Originally Posted by Wanabee Kiwi 
for those who want a PDF copy of the article, PM Me your email address. I just convinced my old man to go and scan the articles for me 


PM sent


----------



## Drifter Steve (Dec 11, 2006)

Wanabee Kiwi said:


> for those who want a PDF copy of the article, PM Me your email address. I just convinced my old man to go and scan the articles for me :smokin:


pm sent opcorn:


----------



## MahdiTKD (Nov 5, 2007)

Wanabee Kiwi said:


> for those who want a PDF copy of the article, PM Me your email address. I just convinced my old man to go and scan the articles for me :smokin:


PM Sent


----------



## bonzelite (May 14, 2006)

To even get such press, on a cover story of Top Gear, with Nissan's GT-R posed against a Scuderia, is a gigantic thumbs up --even if the R35 loses. 

And if the R35 is on par, the whole power/weight ratio issue will be forever dead and will silence the many still clinging to hope that the GT-R falters. 

This ought to be good no matter the outcome. It's Nissan's time to shine --it wins even if it loses.


----------



## Adey (May 14, 2007)

YouTube - gtboard.com video 2: Kelleners BMW M6 vs Toyota Supra 650 HP


----------



## bonzelite (May 14, 2006)

Wanabee Kiwi said:


> for those who want a PDF copy of the article, PM Me your email address. I just convinced my old man to go and scan the articles for me :smokin:


PM sent


----------



## Zakira (May 5, 2007)

They're two different articles, Bonze, within the same magazine. Only the cover is misleading.


----------



## bonzelite (May 14, 2006)

Zakira said:


> They're two different articles, Bonze, within the same magazine. Only the cover is misleading.


right, i've gathered that now. very disappointing and false. 

I want a copy of the article to see how Top Gear compared it to the 997. I guess they wanted to sell the cover, then, putting a Ferrrai on there next to a GT-R. 

is the Ferrari in any way compared to the GT-R inside the magazine? If not, then what is the point of the cover?


----------



## DanDud (Nov 12, 2003)

Either way, they said the GTR although ever so slightly slower than the porsche on the straights, totally abliterates it round the twisties!

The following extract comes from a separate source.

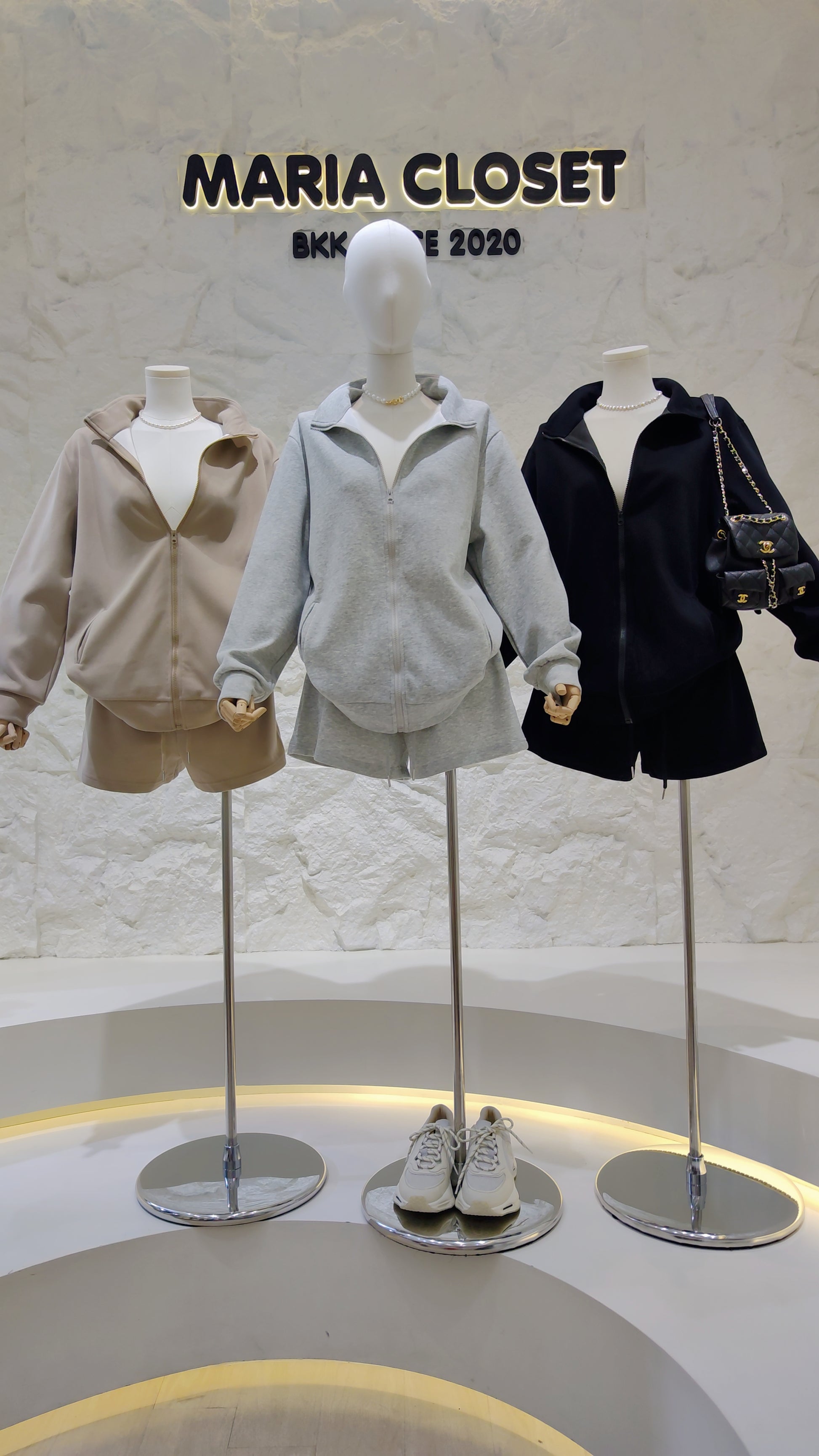 Details: A two-piece set including a long-sleeved, oversized full-zip jacket with a funnel neck and side pockets. Paired with matching high-waisted drawstring shorts.

They said it was simply awesome!


----------



## RedBeauty84ZX (Jun 27, 2007)

DanDud said:


> Either way, they said the GTR although ever so slightly slower than the porsche on the straights, totally abliterates it round the twisties! They said it was simply awesome!

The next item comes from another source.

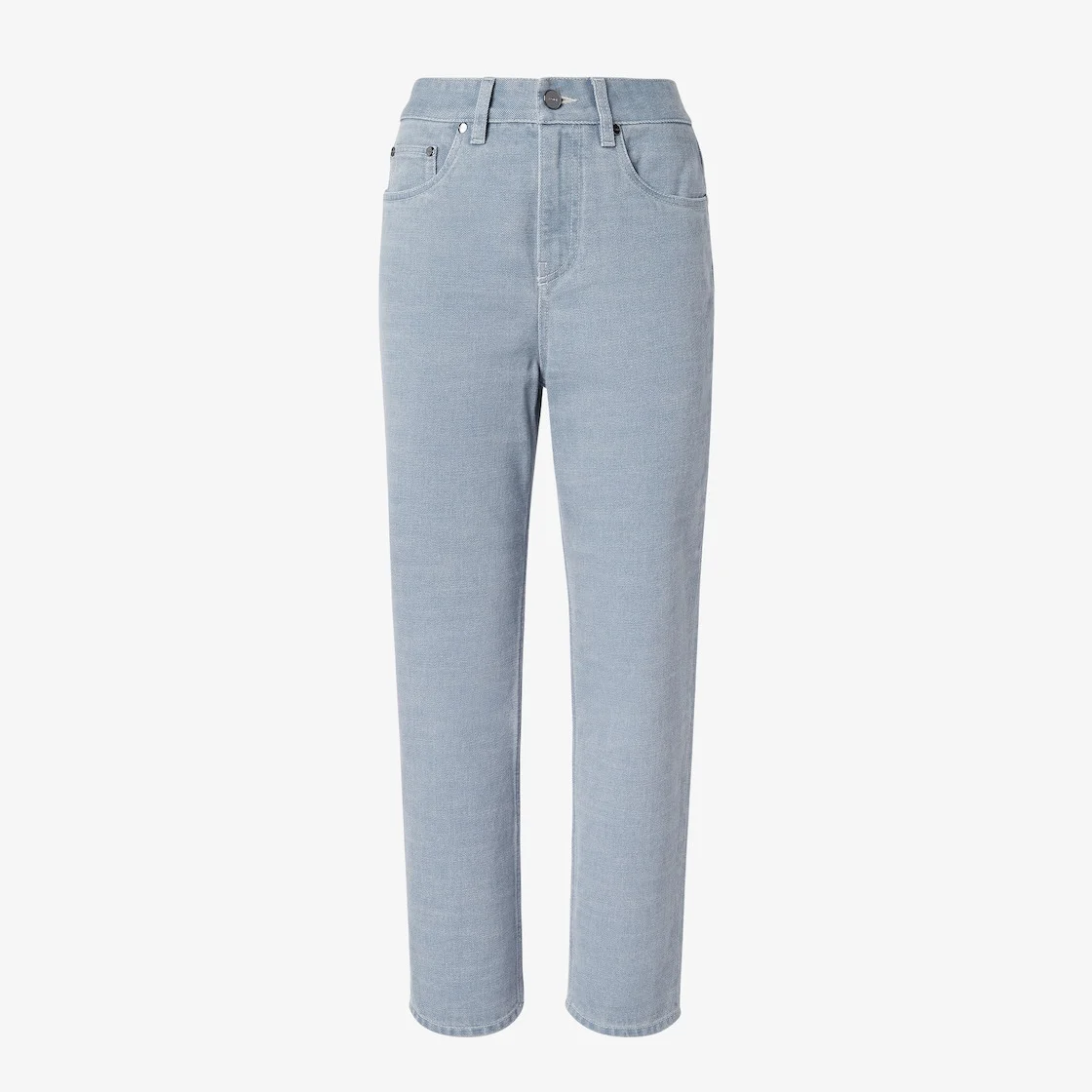 Straight-cut five-pocket pants. Belt loops at the waist. Concealed zipper and logo tack button closure. Made of light blue denim. Customized with Fendi Stamp 1925 patch on the back-right pocket. Tone-on-tone stitching and metal rivets. Made in Italy Composition: 100% cotton Size worn: 38 IT. The model is 178 cm tall Product Code: FLP864ASMBF1RX3

Do you have the article??? Please scan.


----------



## DanDud (Nov 12, 2003)

RedBeauty84ZX said:


> Do you have the article??? Please scan.


I went out and bought the mag then, just nipped down to the local co op but unfortunatly dont have a scanner


----------



## RedBeauty84ZX (Jun 27, 2007)

DanDud said:


> I went out and bought the mag then, just nipped down to the local co op but unfortunatly dont have a scanner


Do they have any peformance #s? Lap times? Anything??? Most of us are eager to here what the article has to say...fill free to post what ever opcorn:


----------



## Chuck_H (Jul 28, 2006)

Did they perform any instrumented tests or just driving impressions?


----------



## DanDud (Nov 12, 2003)

RedBeauty84ZX said:


> Do they have any peformance #s? Lap times? Anything??? Most of us are eager to here what the article has to say...fill free to post what ever opcorn:


They say and i quote:

"A bellow from the engine, a rush of revs, a gigantic accelerative force on my neck, bang the GT-R into fourth. A killing gear if ever there was one."

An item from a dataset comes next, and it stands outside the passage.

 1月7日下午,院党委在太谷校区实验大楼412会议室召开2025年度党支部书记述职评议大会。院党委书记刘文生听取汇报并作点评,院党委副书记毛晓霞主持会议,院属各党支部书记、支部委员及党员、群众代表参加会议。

"Were in R (mode) now, and weve hit 100mph in about 10 heartbeats. No official performance figure exists for that increment, but expect an 8 second 0-100ph time. Its fast, alrite - 60mph comes up in 3.5 seconds, the standing quarter in 11.7 seconds and it goes onto 197mph."

"The GT-R is all aggression on the outside. To my eye, it is a phenomal-looking machine, distinct from everything else. Very japanese and very hard."

"Driving these two cars back to back, its not long before you realise that the Nissan makes the Porsche seem old-fashioned. The GT-R is truly extraordinary."

"For all round ability, i have no doubt the Nissan is the best car i have ever driven. Its a solid car you can rely on when the going gets tricky."



Theres a few quotes, i cant be arsed typing any more out


----------



## heavychevy (Oct 2, 2007)

Were they driving in the wet, I remember seeing something reffering to wet corners.


----------



## DanDud (Nov 12, 2003)

Mainly dry aparently, some damp and slightly wet times too IIRC.


----------



## jimfortune (Sep 9, 2005)

DanDud said:


> They say and i quote:
> 
> "A bellow from the engine, a rush of revs, a gigantic accelerative force on my neck, bang the GT-R into fourth. A killing gear if ever there was one."
> 
> ...


Was this a quote from JC then??


----------



## Spooled1.8 (Apr 26, 2007)

PM sent Wannabe Kiwi


----------



## hkskyliner (Mar 9, 2005)

Wanabee Kiwi said:


> for those who want a PDF copy of the article, PM Me your email address. I just convinced my old man to go and scan the articles for me :smokin:


PM sent


----------



## skunkworks (Nov 30, 2007)

Quote:
Originally Posted by Wanabee Kiwi View Post
for those who want a PDF copy of the article, PM Me your email address. I just convinced my old man to go and scan the articles for me

PM sent


----------



## rayman (May 26, 2004)

Quote:
Originally Posted by Wanabee Kiwi View Post
for those who want a PDF copy of the article, PM Me your email address. I just convinced my old man to go and scan the articles for me


YHM kiwi


----------



## mindlessoath (Nov 30, 2007)

PM sent!

this is awesome review sofar. anyone know any bad points or just anything quirky about the gt-r from this review?


----------



## Howsie (Feb 25, 2002)

Post it up please.


----------



## ChristianR (May 31, 2005)

DanDud said:


> Either way, they said the GTR although ever so slightly slower than the porsche on the straights, totally abliterates it round the twisties! They said it was simply awesome!


uh oh! Dont let the subaru people here that, nothing can match a subaru in the twisties!


----------



## kxu231 (Dec 1, 2007)

*PM*

PM SENT!


----------



## Wanabee Kiwi (Mar 31, 2007)

Its been posted in this forum. Please check it before PM me


----------



## DanDud (Nov 12, 2003)

jimfortune said:


> Was this a quote from JC then??


The stig i think


----------